Protecting  habitats for species threatened with or in danger of extinction is often aided by demonstrating the economic benefits to such protection comparable to the benefits of  developing the habitat. The financial returns to commercial development are often obvious and concentrated in the hands of a few. The benefits of protecting threatened and endangered species (T&E) are widespread to hundreds of millions, if not several billion people on the planet. However, if the monetary benefits of protecting T&E species are not measured, then it appears that commercial development is of greater economic use than preservation of the habitat. This feeds the false dichotomy of the “economy versus the environment”. This article will show, the environmental has  economic value, and in particular, people will pay to protect the habitat of endangered species. The number of species classified as threatened or endangered continues to rise throughout the world, and is likely to continually to so for the foreseeable future. It would be extremely important to quantify the many benefits these species provide for people when considering conservation policies.

The many benefits species provide are called Total Economic Value (TEV) of the species. TEV consists of both recreational use of T&E species (e.g., wildlife viewing, ecotourism, photography) and nonuse values or passive use values (existence and bequest values) placed on the species. All of these values are measured by economists as the maximum amount of money a person would pay to protect the species and its habitat to provide that particular use. For example, the amount a visitor would pay for the opportunity to view sea otters in their natural habitat is a measure of the value to the visitor. The same is true of existence value. Existence value is the maximum amount a person would pay to know that the species exists in its natural habitat. Likewise for bequest value, the maximum amount a person would pay to know that preservation today will provide the species to future generations.

Currently, one of the accepted methods used to quantify these benefits is the  Contingent Valuation Method (CVM), which employs the use of surveys outlining a hypothetical market or referendum in order to elicit people’s willingness-to-pay (WTP) for the preservation of a particular species (Mitchell and Carson, 1989). It has been found that people are willing to pay a small portion of their income towards the protection of endangered or rare species for a variety of reasons. The Contingent Valuation Method has been used by economists for over 30 years in the United States and other developed countries as a means to quantify the monetary benefits of natural resources that are not priced in markets but nevertheless have considerable value, such as threatened and endangered species. While the use of CVM in developing countries is still relatively new, with the majority of studies published in the last five to ten years, it is clearly on the rise. Our goal is to review synthesize the literature on the economic value of rare, threatened, and endangered species throughout the world. We draw upon a total of 43 existing Contingent Valuation studies of T&E species from eight different countries that were found in our literature review.     

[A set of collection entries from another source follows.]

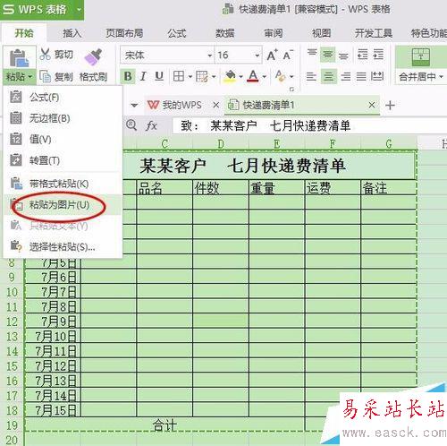 3、找一個空白單元格,選擇excel右上交的粘貼功能小圖標,點開可以看見許多小的分向,選擇粘貼為圖片。
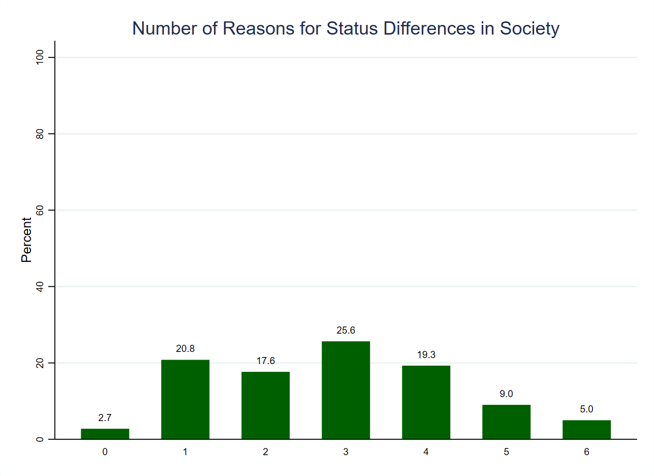 Thus, people tend to entertain multiple explanation for status difference in society but restrict themselves to a few rather than endorsing all or almost all of them. This, and the prevalence of both structural and individual explanations, suggests that at least some people are willing to entertain both kinds of explanation. This can be tested when we look into which explanations tend to be selected by the same people but, in the meantime, we can turn to people’s rankings of the reasons.
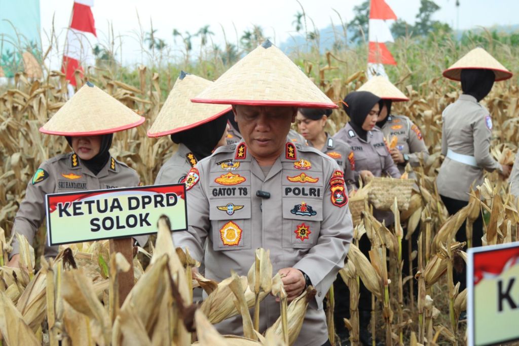 TBNews Sumbar – Kepala Kepolisian Daerah (Kapolda) Sumatera Barat, Irjen Pol Dr. Drs. Gatot Tri Suryanta, M.Si., CSFA., memimpin acara Panen Raya Jagung Kuartal III di lahan ketahanan pangan Polres Solok, yang berlokasi di Jorong Sukarami, Nagari Koto Gaek Guguak, Kecamatan Gunung Talang, Kabupaten Solok, pada Sabtu (27/9).

Comparative Valuation of Groups of Similar Species

Our first comparison looks at the average Total Economic Value of groups of similar threatened or endangered species in studies conducted in the U.S. and abroad. In CVM studies, the surveys given to respondents to elicit the value they place on a particular species, present the hypothetical payment as either an annual, recurring payment, or a single lump-sum, one time payment. Table 1 compares average WTP values in U.S. versus rest of the world studies for different groups of similar species broken down into studies using annual versus lump sum payments. Unfortunately no studies valuing endangered fish were found outside of the United States, so hopefully this will be an area of future research. 

Table 1: Average WTP Values per Household Based on Payment Frequency ($2006)

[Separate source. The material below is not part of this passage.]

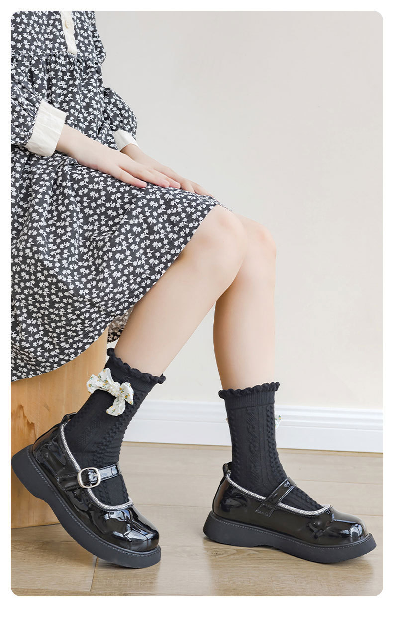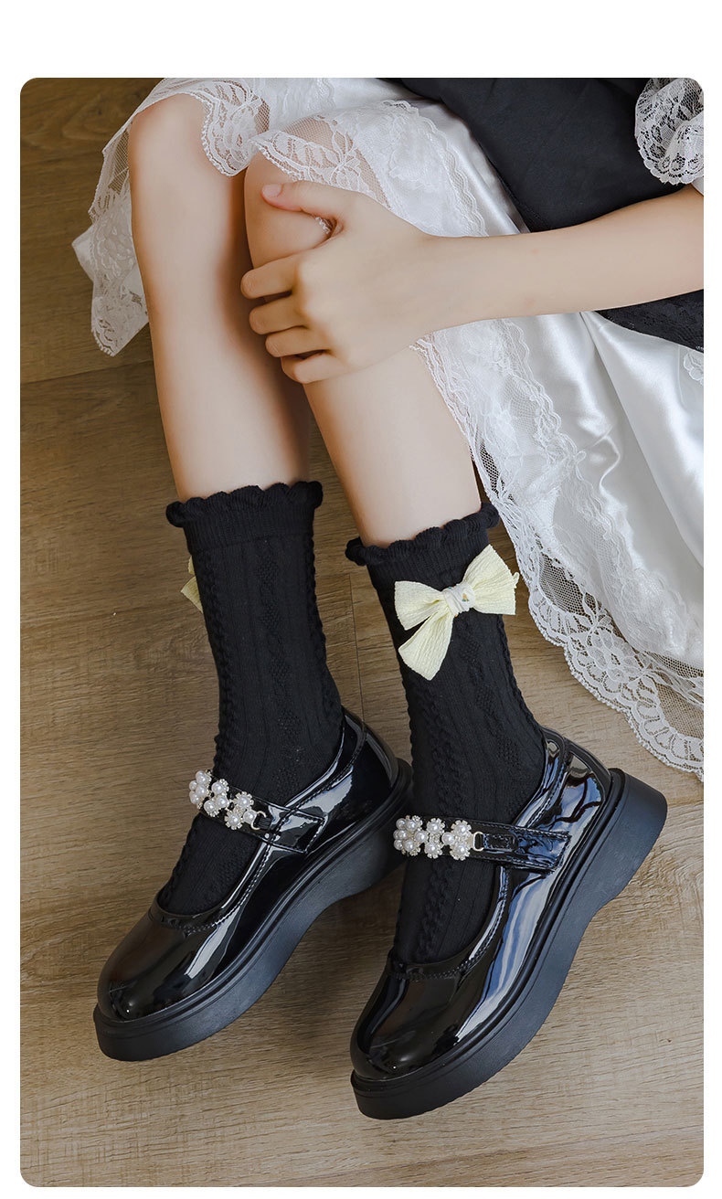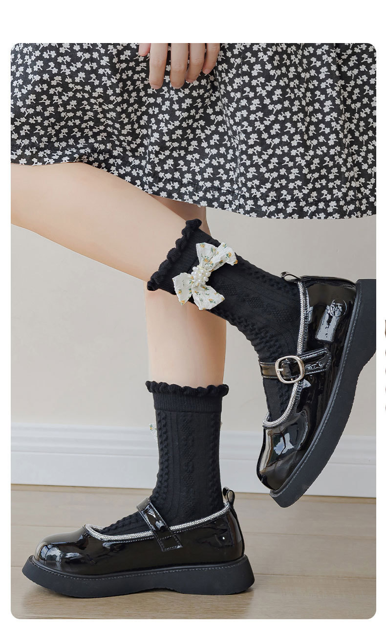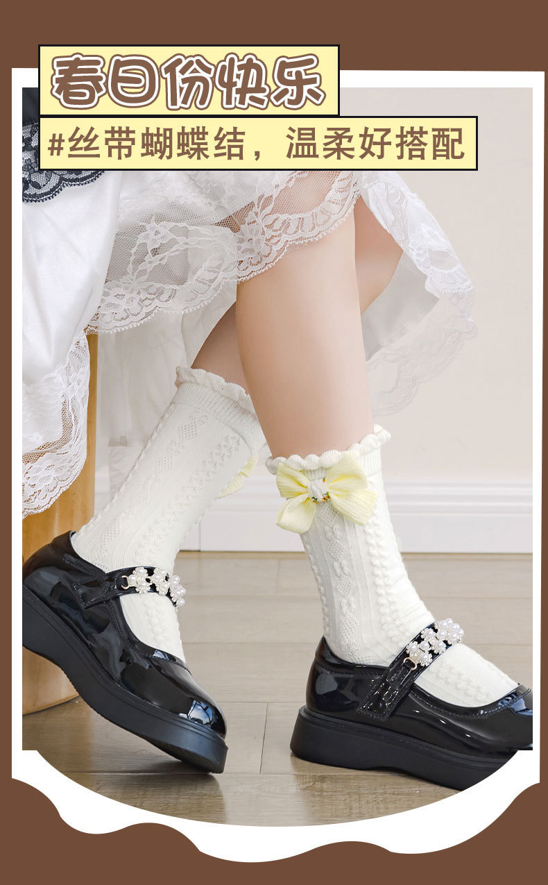 2025년 신상 로리타 레이스 리본 공주 양말 일본식 달콤한 소녀 중간 길이 양말 트렌디한 아동 양말스토어 가기

  U.S. Studies Rest of the World Studies
Annual WTP    
Mammals $17 $50
Marine Mammals $40 $72
Birds $42 $44
Fish $105  
     
Lump Sum WTP    
Mammals $61 $9
Marine Mammals $203 $23
Birds $209  

A few things stand out in Table 1. First, USA studies using lump sum payments get very high average values for both marine mammals and birds. However, the average value of marine mammals is based on only one study with two estimates. The 1989 study by Samples and Hollyer surveyed Hawaii households to elicit a value for the monk seal and the humpback whale. The high value can be attributed to the fact that these species are two of the most charismatic marine mammals in the U.S., and have gained considerable attention over the years. The average value of birds is based on only two studies, one of which values the bald eagle, a nationally symbolic species which would be expected to have a very high value placed on it. If we remove the bald eagle study, the value drops considerably to about $32. Secondly, rest of the world studies using lump sum payments to value mammals get a much lower value than would be expected. This could be due to the fact that the estimate is based on only four different types of mammals, three of which are smaller, less charismatic species; the water vole, red squirrel, and brown hare.

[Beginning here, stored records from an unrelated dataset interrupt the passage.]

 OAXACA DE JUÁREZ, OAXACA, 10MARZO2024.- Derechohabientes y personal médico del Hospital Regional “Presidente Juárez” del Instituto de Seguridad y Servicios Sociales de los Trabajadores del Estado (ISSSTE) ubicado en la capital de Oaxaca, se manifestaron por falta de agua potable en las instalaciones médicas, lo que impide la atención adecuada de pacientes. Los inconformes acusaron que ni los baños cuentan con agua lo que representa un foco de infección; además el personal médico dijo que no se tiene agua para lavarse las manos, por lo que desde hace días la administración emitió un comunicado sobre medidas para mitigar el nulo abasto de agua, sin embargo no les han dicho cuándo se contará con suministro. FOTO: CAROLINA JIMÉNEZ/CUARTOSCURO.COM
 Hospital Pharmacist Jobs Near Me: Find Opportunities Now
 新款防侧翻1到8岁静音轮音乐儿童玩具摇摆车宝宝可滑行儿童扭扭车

Comparative Valuation of Individual Species

This section shifts the focus from the average economic benefits for groups of similar species to the economic benefits of individual species in order to compare studies conducted in different countries to see if they get similar values for the same, or very similar, species. This will allow us to account for specific study variables, such as the change in the size of the species population being valued, and if respondents are valuing a gain in the species or avoiding a loss. Since the socioeconomic characteristics of respondents can differ greatly in various countries, it is also important to compare these values as a percentage of annual income (also converted to U.S. dollars and 2006 base year for comparison).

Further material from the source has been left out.